*Available data*
☆ ☆ ☆

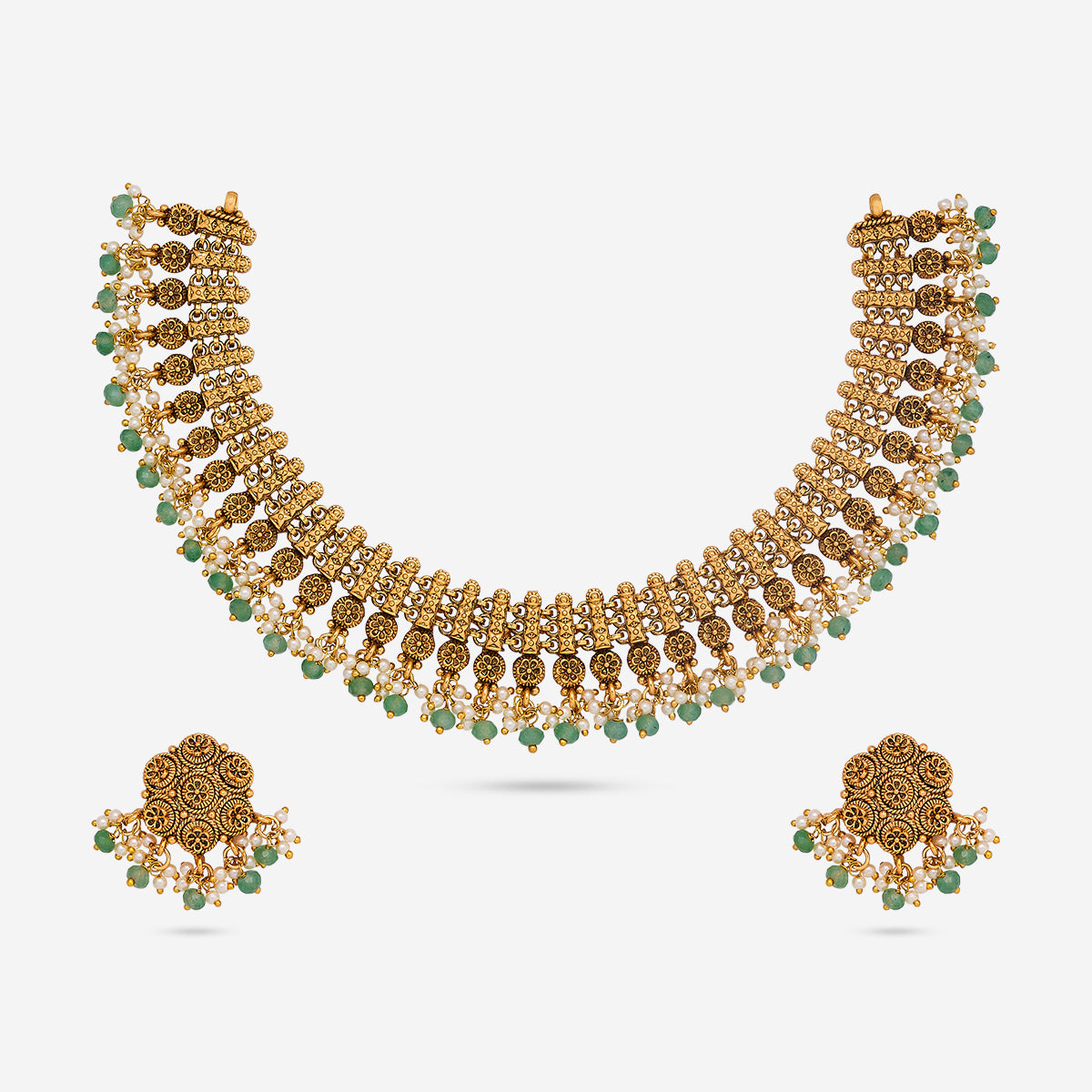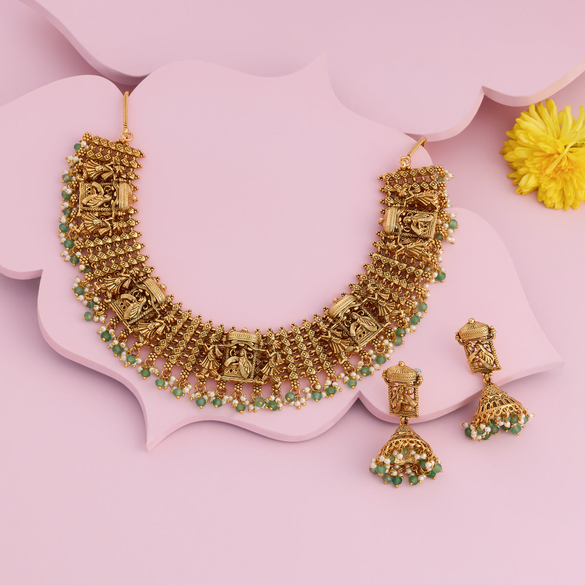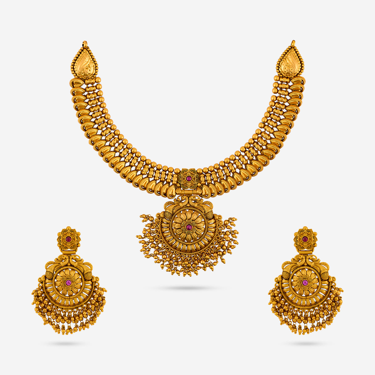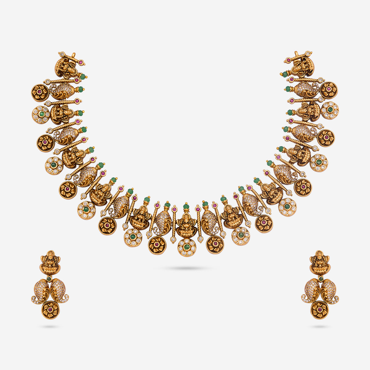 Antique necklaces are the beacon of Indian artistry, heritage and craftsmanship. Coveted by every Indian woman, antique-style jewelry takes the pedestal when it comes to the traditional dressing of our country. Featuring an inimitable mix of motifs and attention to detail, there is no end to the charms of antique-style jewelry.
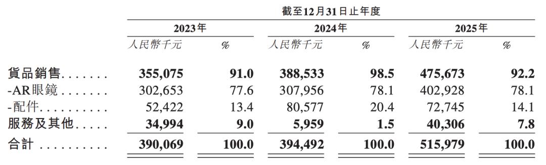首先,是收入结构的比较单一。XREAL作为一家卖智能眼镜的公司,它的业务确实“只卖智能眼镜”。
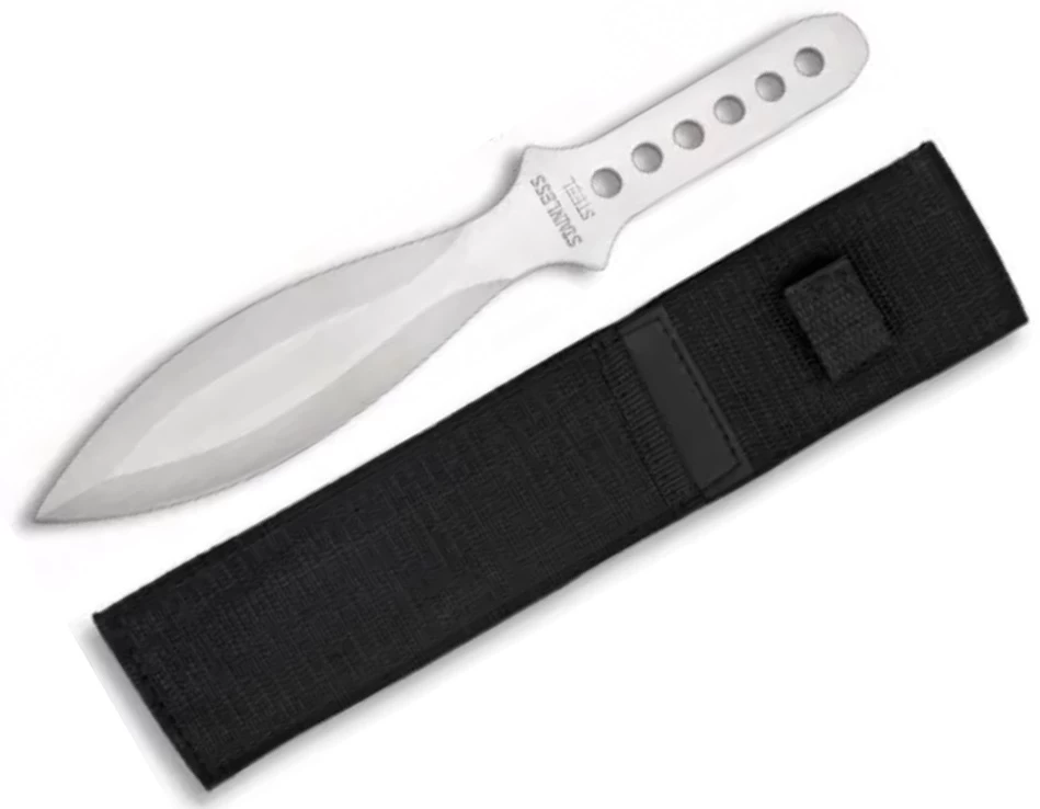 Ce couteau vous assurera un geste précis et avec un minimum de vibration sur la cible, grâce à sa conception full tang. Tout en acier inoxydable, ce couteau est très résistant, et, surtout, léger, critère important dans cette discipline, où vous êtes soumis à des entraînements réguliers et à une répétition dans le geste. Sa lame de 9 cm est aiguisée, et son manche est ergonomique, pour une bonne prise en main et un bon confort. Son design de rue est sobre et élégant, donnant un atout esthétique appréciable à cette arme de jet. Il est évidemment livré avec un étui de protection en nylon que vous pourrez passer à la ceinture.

☆ ☆ ☆

*Your goal*
Write out all the data exactly, minus pictures.

*Finished task*
 Antique necklaces are the beacon of Indian artistry, heritage and craftsmanship. Coveted by every Indian woman, antique-style jewelry takes the pedestal when it comes to the traditional dressing of our country. Featuring an inimitable mix of motifs and attention to detail, there is no end to the charms of antique-style jewelry.
首先,是收入结构的比较单一。XREAL作为一家卖智能眼镜的公司,它的业务确实“只卖智能眼镜”。
 Ce couteau vous assurera un geste précis et avec un minimum de vibration sur la cible, grâce à sa conception full tang. Tout en acier inoxydable, ce couteau est très résistant, et, surtout, léger, critère important dans cette discipline, où vous êtes soumis à des entraînements réguliers et à une répétition dans le geste. Sa lame de 9 cm est aiguisée, et son manche est ergonomique, pour une bonne prise en main et un bon confort. Son design de rue est sobre et élégant, donnant un atout esthétique appréciable à cette arme de jet. Il est évidemment livré avec un étui de protection en nylon que vous pourrez passer à la ceinture.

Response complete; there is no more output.